Dataset extract:
::::::

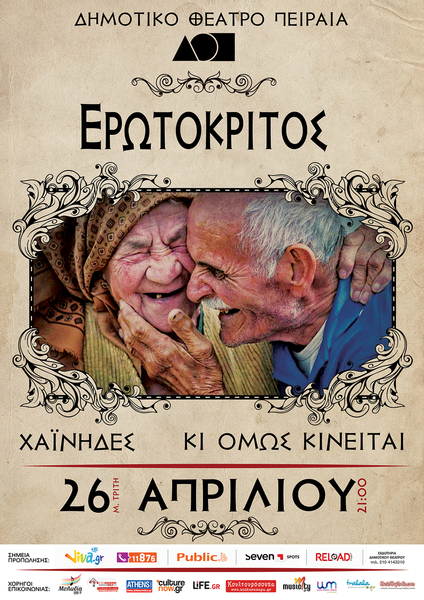 Οι «Χαΐνηδες» ανεβάζουν «Ερωτόκριτο». Για την ακρίβεια προτείνουν μια διαφορετική ανάγνωση του σημαντικού έργου, της «τραγουδοαφήγησης που πότισε, με απόλυτο τρόπο, τη μουσική παράδοση, έπλασε σε μεγάλο βαθμό τη γλώσσα που μιλιέται σε αυτόν τον τόπο, συγκίνησε γενιές ανθρώπων, τους δάνεισε εικόνες και σύμβολα για τον έρωτα, τον ηρωισμό, τη φιλία, τη γενναιότητα, την αξιοπρέπεια, τον πόνο, το σωστό, το λάθος και τελικά υιοθετήθηκε απόλυτα ως σύμβολο-αντιπρόσωπος του πολιτισμού τους». Στη νέα εκδοχή του «η διαλεκτική της τραγουδαφήγησης από τα πολλά διαφορετικά όργανα και τις φωνές, συμπληρώνεται και διαχέεται στη θεατρική πτυχή του έργου, από τη στικτική ή αντιστικτική παρουσία της ομάδας “κι όμΩς κινείται”». Μουσική «Χαΐνηδες», χορογραφία «κι όμΩς κινείται».
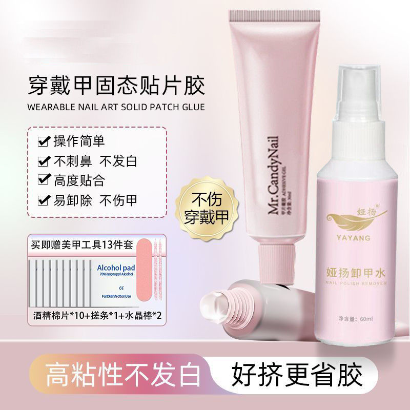 穿戴甲固态胶需烤灯防水持久牢固贴甲片粘合剂可拆卸美甲专用胶水
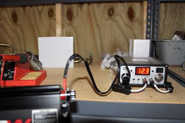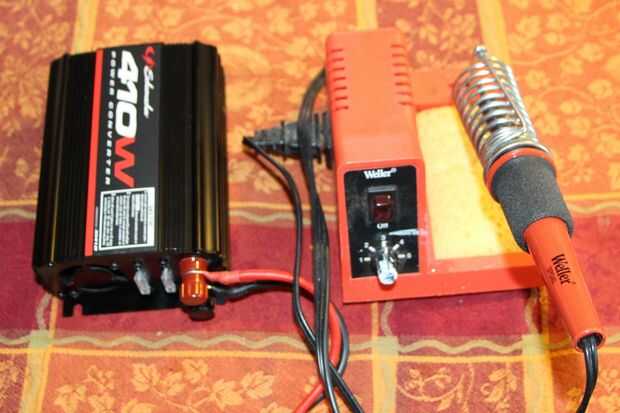 Para conexiones de alambres utilicé un soldador Weller conectado a un inversor que regalaron por Navidad. Luego le enchufamos el inversor de corriente en el controlador de carga solar que ya tenia instalado en mi edificio de almacenamiento de información.
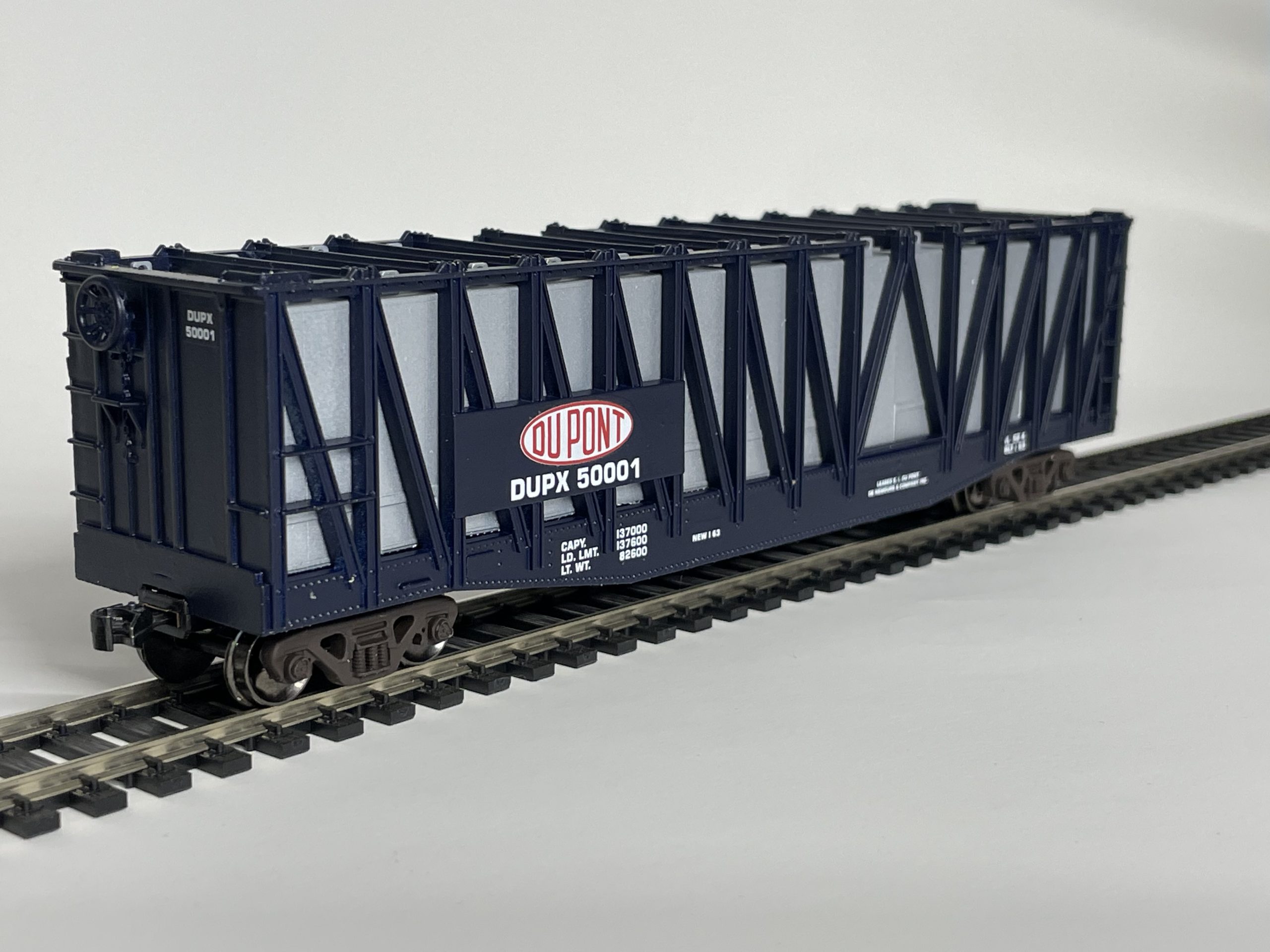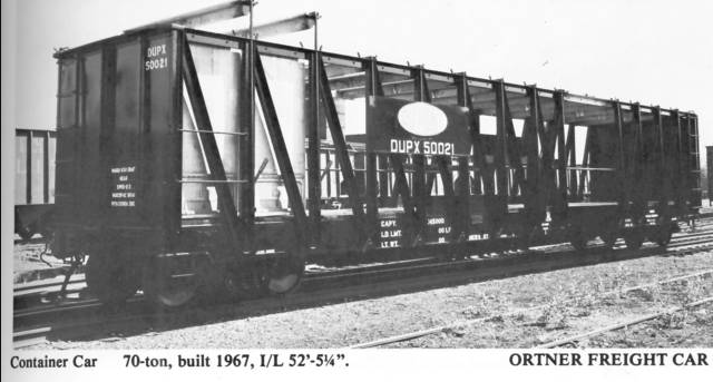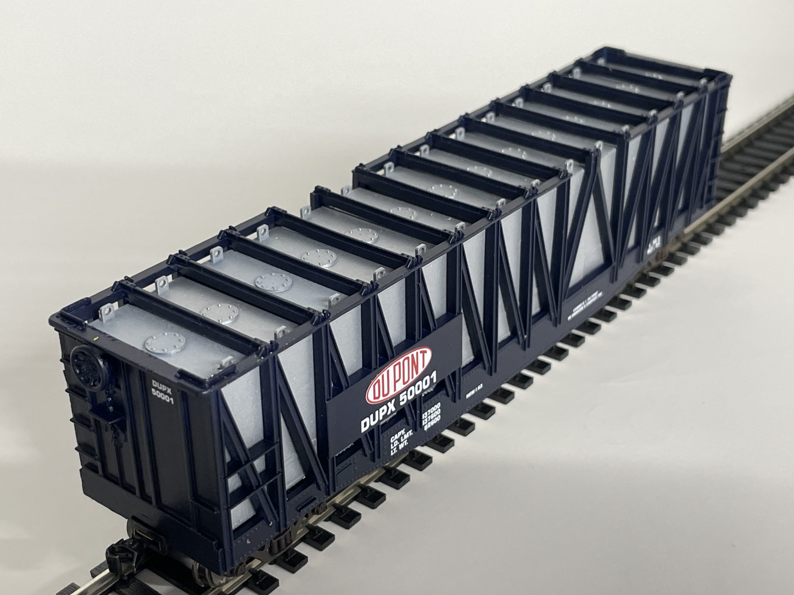 Larger calcium carbide containers were used starting around 1963. These were also used for dry chemical transport. DuPont Chemical had 20 special cars built to carry these larger containers, and AHM made the early version of these cars (AHM 5393) (DUPX50000-50003). Although AHM labeled the cars as several roads and companies, only DuPont had these cars. The AHM car isn’t 100% correct, but it’s close. Later, bulkhead flats were used to carry these, with special crossbars and turnbuckle type tie downs.

::::::

Work item: Exclude images. Return the data above verbatim.

Output for this exercise:
 Οι «Χαΐνηδες» ανεβάζουν «Ερωτόκριτο». Για την ακρίβεια προτείνουν μια διαφορετική ανάγνωση του σημαντικού έργου, της «τραγουδοαφήγησης που πότισε, με απόλυτο τρόπο, τη μουσική παράδοση, έπλασε σε μεγάλο βαθμό τη γλώσσα που μιλιέται σε αυτόν τον τόπο, συγκίνησε γενιές ανθρώπων, τους δάνεισε εικόνες και σύμβολα για τον έρωτα, τον ηρωισμό, τη φιλία, τη γενναιότητα, την αξιοπρέπεια, τον πόνο, το σωστό, το λάθος και τελικά υιοθετήθηκε απόλυτα ως σύμβολο-αντιπρόσωπος του πολιτισμού τους». Στη νέα εκδοχή του «η διαλεκτική της τραγουδαφήγησης από τα πολλά διαφορετικά όργανα και τις φωνές, συμπληρώνεται και διαχέεται στη θεατρική πτυχή του έργου, από τη στικτική ή αντιστικτική παρουσία της ομάδας “κι όμΩς κινείται”». Μουσική «Χαΐνηδες», χορογραφία «κι όμΩς κινείται».
 穿戴甲固态胶需烤灯防水持久牢固贴甲片粘合剂可拆卸美甲专用胶水
 Para conexiones de alambres utilicé un soldador Weller conectado a un inversor que regalaron por Navidad. Luego le enchufamos el inversor de corriente en el controlador de carga solar que ya tenia instalado en mi edificio de almacenamiento de información.
 Larger calcium carbide containers were used starting around 1963. These were also used for dry chemical transport. DuPont Chemical had 20 special cars built to carry these larger containers, and AHM made the early version of these cars (AHM 5393) (DUPX50000-50003). Although AHM labeled the cars as several roads and companies, only DuPont had these cars. The AHM car isn’t 100% correct, but it’s close. Later, bulkhead flats were used to carry these, with special crossbars and turnbuckle type tie downs.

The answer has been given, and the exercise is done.